To ride the AI trend, Alphabet stock is a stronger option than Meta Platforms.

JEFF REEVES’ NUMBERS STRENGTH
Meta Platforms appears to be a company that just won’t stop, with shares more than tripling this year. However, if given the option, investors may prefer to select Alphabet, a rival in digital advertising.

Yes, Facebook parent Meta Platforms exceeded profit estimates and provided upbeat guidance. However, just as investors were celebrating those accomplishments, the European Union fined Meta $1.3 billion for data privacy violations.

Alphabet Inc., Google’s parent company, is up roughly 40% year to date. Even if results weren’t as huge on Wall Street, the report was encouraging. In fact, a deeper look reveals why this stock may be a better option right now than Meta. Here are the key elements to consider when comparing these digital advertising behemoths — and why I’m betting on Alphabet.

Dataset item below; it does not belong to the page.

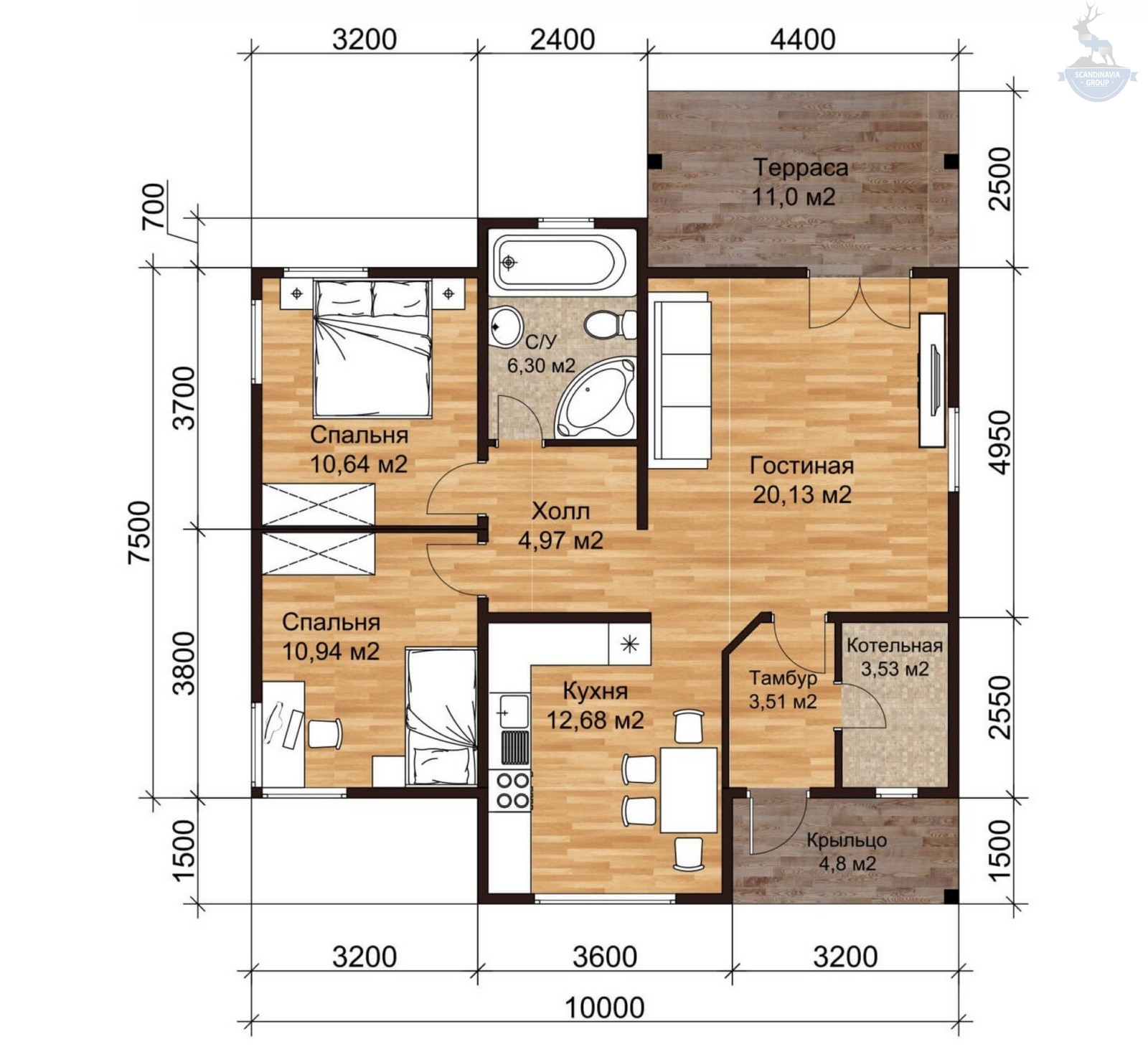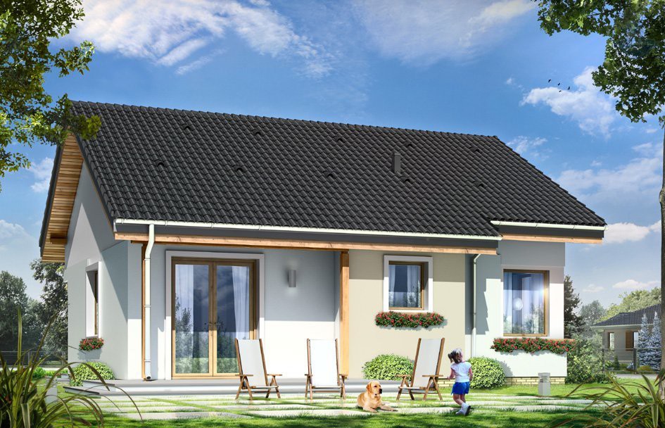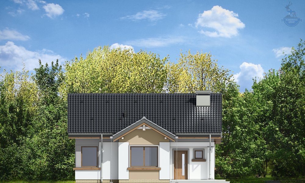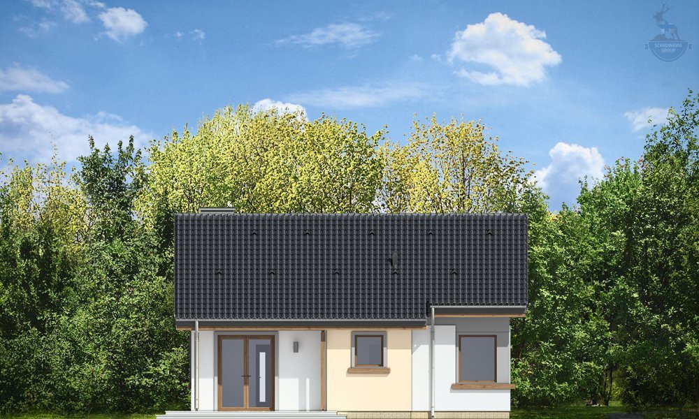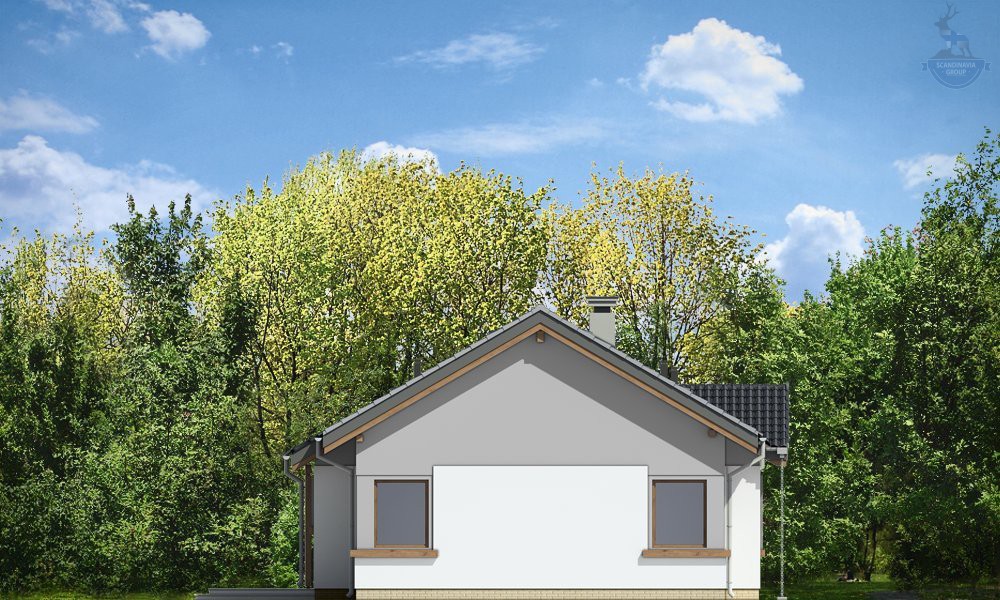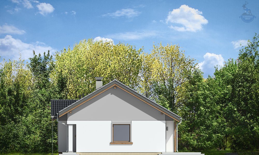 Эстерьер здания выдержан в классическом стиле: симметричная двускатная крыша, у входной двери крыльцо с декоративной колонной, с торца – терраса площадью 11 квадратных метров. С крыльца во внутренние помещения ведет тамбур, где можно обустроить место для хранения сезонных вещей и обуви. Направо из тамбура – вход в котельную. Если пройти прямо от входной двери, то здесь будущего владельца и его семью ждут просторная гостиная и функциональная кухня, далее – холл, который проведет в 2 уютные спальни или в санузел.
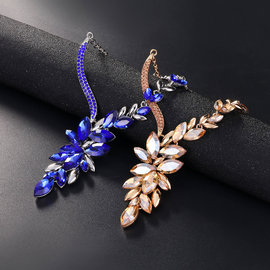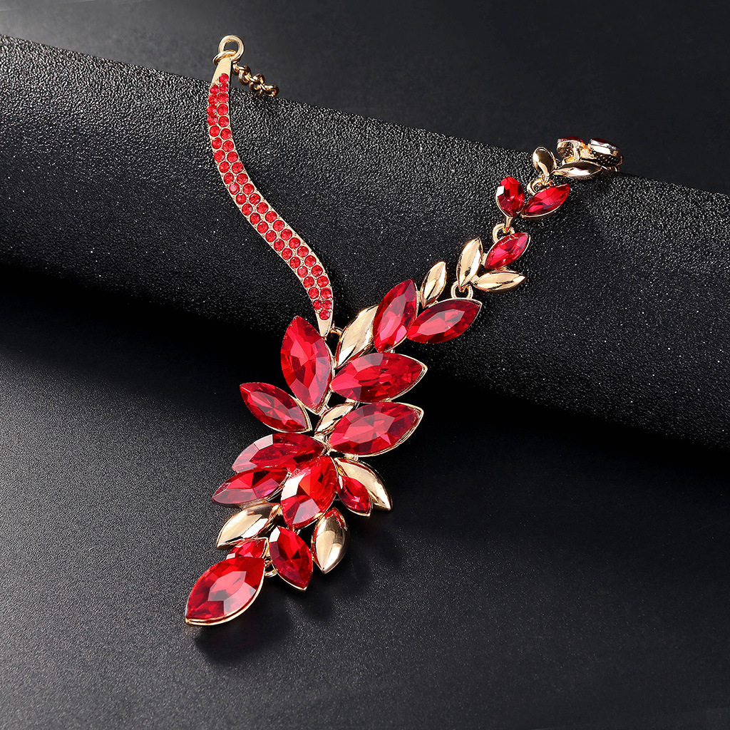 | nameOriginal | Europe and the United States exaggerated bride necklace suit alloy diamond glass color crystal jewelry suit manufacturers in stock |

Google advertising dominate and are more transactional:

According to Insider Intelligence, Meta has a 20.1% worldwide digital ad market share, trailing Google’s 28.4%. But, more crucially, Google’s composition is now more favourable. According to a recent analysis in the advertising industry newspaper Digiday, there is a growing tendency towards “retail media” that targets customers at or around their transactions – typically to persuade them to choose Brand A over Brand B. That makes basic sense in a harsher spending climate with fewer funds to go around, and will help Alphabet or even smaller competitor Amazon.com, which has 7.5% of the global ad market, more than Meta.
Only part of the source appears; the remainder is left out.